LeetCode 523. Continuous Subarray Sum

原题链接在这里：https://leetcode.com/problems/continuous-subarray-sum/description/

题目：

Given a list of non-negative numbers and a target integer k, write a function to check if the array has a continuous subarray of size at least 2 that sums up to the multiple of k, that is, sums up to n*k where n is also an integer.

Example 1:

Input: [23, 2, 4, 6, 7],  k=6
Output: True
Explanation: Because [2, 4] is a continuous subarray of size 2 and sums up to 6.

Example 2:

Input: [23, 2, 6, 4, 7],  k=6
Output: True
Explanation: Because [23, 2, 6, 4, 7] is an continuous subarray of size 5 and sums up to 42.

Note:

1. The length of the array won't exceed 10,000.
2. You may assume the sum of all the numbers is in the range of a signed 32-bit integer.

题解：

需要求有没有一段长度大于等于2的subarray的和是k的倍数.

保存之前每个点sum%k的值, 若是又出现了相同的值, 那么这一段subarray的和就是k的倍数.

然后看看这段长度是否大于等于2.

初始化HashMap<Integer, Integer> hm来记录到index i 时的sum%k 和 i的对应关系.

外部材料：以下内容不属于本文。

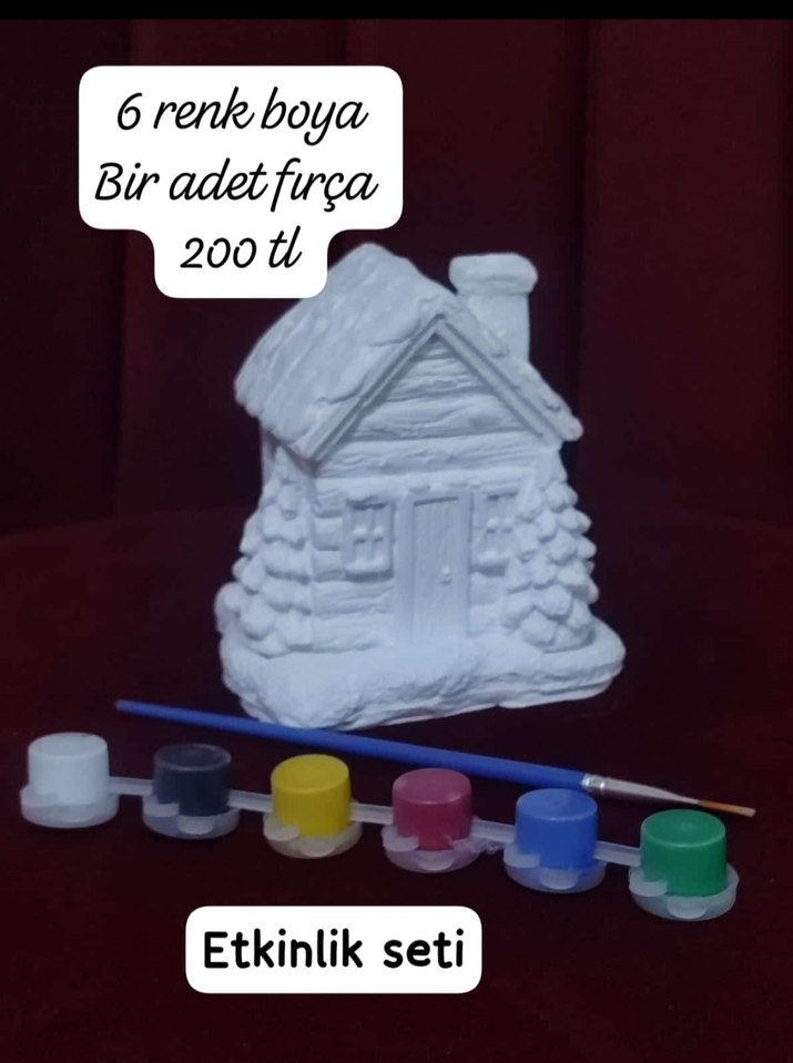 Beyaz ev model seti, bir adet fırça ve 6 renk boya içerir. Etkinlik seti olarak 200 TL'dir.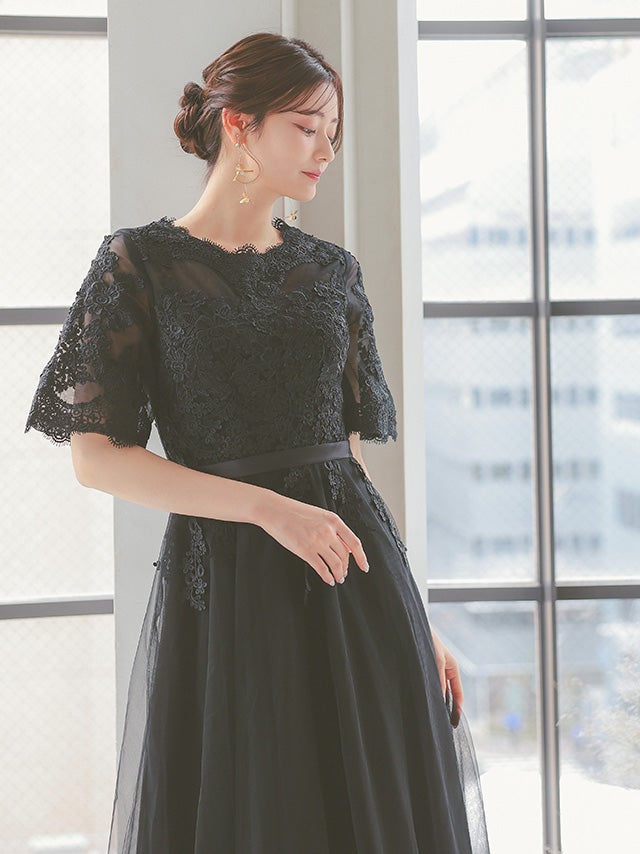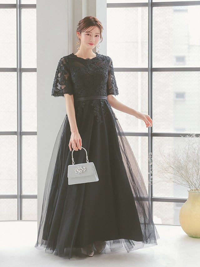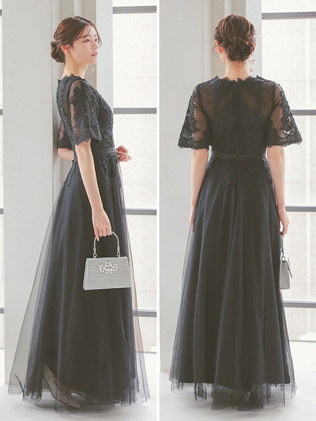 5. シースルー花柄刺繍ウエストマークボリュームチュールパーティードレス 結婚式 発表会 (XSサイズ~4Lサイズ)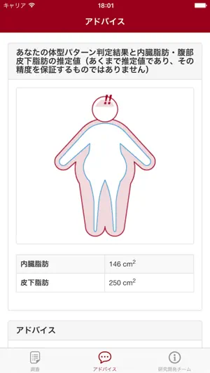 - え? メジャーまで使って、長ったらしいデータ入力して、出てきたアドバイスが「内臓脂肪」「皮下脂肪」「あなたは〇〇体型です」だけ?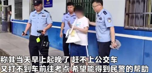 北京时间6月8日是高考的第2天,记者从广东佛山市公安局南海分局获得最新资料,当天早上8:21位考生急匆匆进入南海公安局派出所寻求帮助。对其声称早上起的有点晚,已经无法赶上公交车,再加上身上没有带手机,无法打到车到狮山高级中学考点,希望可以得到警察的帮助。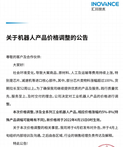 其實近來機器人產品漲價已并不鮮見,甚至發展成為了行業共性問題,今年以來,已經有匯川技術、阿童木機器人、爾必地、ABB、禾川、納博特、來福諧波等廠商公開宣布漲價,而私下調整價格的無疑有更多。
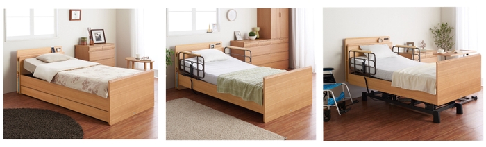お元気な時の電動リクライニングベッドが 昇降ユニットを取りつけて、在宅介護ケアベッドに コイズミファニテックより、ライフステージに合わせた 「ケアアップベッド」新登場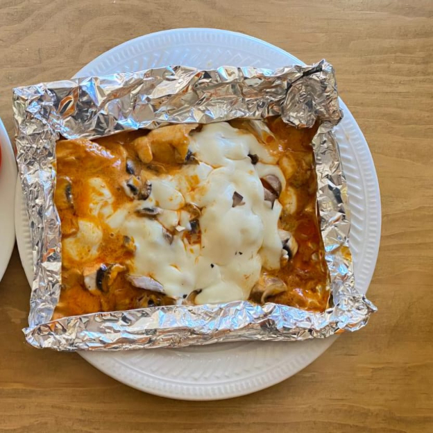 Filete de pescado empapelado bañado en aderezo con champiñones y quesillo.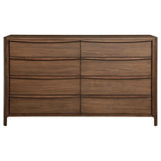 Introduce abundant storage and plenty of style to your bedroom with this transitional eight-drawer dresser. It delivers plenty of easy organization for clothing and accessories with drawers that include cedar lining for protection and felt lining in its top two. A walnut veneer finish is warm and refined, perfect for an approachable but elegant ambiance in your bedroom. The dresser features gently curved fingertip pulls that add dimension and depth to the front of the case. A wide top provides ample space for decor and personal effects, perfect for a framed photo, jewelry box or a vase of fresh flowers. Key Features: • Enhance your bedroom with the handsome profile and storage of a transitional eight-drawer dresser • Dresser features rounded corners and gently curved fingertip pulls for easy operation • Walnut wood veneer lends warmth and creates a touch of texture with natural grain patterns • Top drawers are complete with dark brown felt lining, offering easy protection for delicate items • Drawers feature cedar lining that helps to protect against pests and provides excellent quality

先赋值(0,-1). 原因是sum有包括nums[0]的情况.

这里通过初始index -1 和 i - hm.get(sum%k) > 1来确保. 

计算当前值的sum, 若k不是0, sum = sum%k. 看hm中是否已经有过这个余数, 若有看index差是否大于1, 没有就加进hm中.

答案有大于1的return true说明减掉之前的那段正好把余数减光. 若一直没有return false.

Note: check hm.containsKey(sum) and i - hm.get(sum) separately. Since later else should only applies for !hm.containsKey(sum).

Time Complexity: O(nums.length).

Space: O(nums.length).

AC Java:

class Solution {
    public boolean checkSubarraySum(int[] nums, int k) {
        HashMap<Integer, Integer> hm = new HashMap<Integer, Integer>();
        hm.put(0,-1);
        
        int sum = 0;
        for(int i = 0; i<nums.length; i++){
            sum += nums[i];
            if(k != 0){
                sum = sum%k;
            }
            
            if(hm.containsKey(sum)){
                if(i-hm.get(sum)>1){
                    return true;   
                }
            }else{
                hm.put(sum, i);
            }
        }
        return false;
    }
}

类似Subarray Sum Equals K.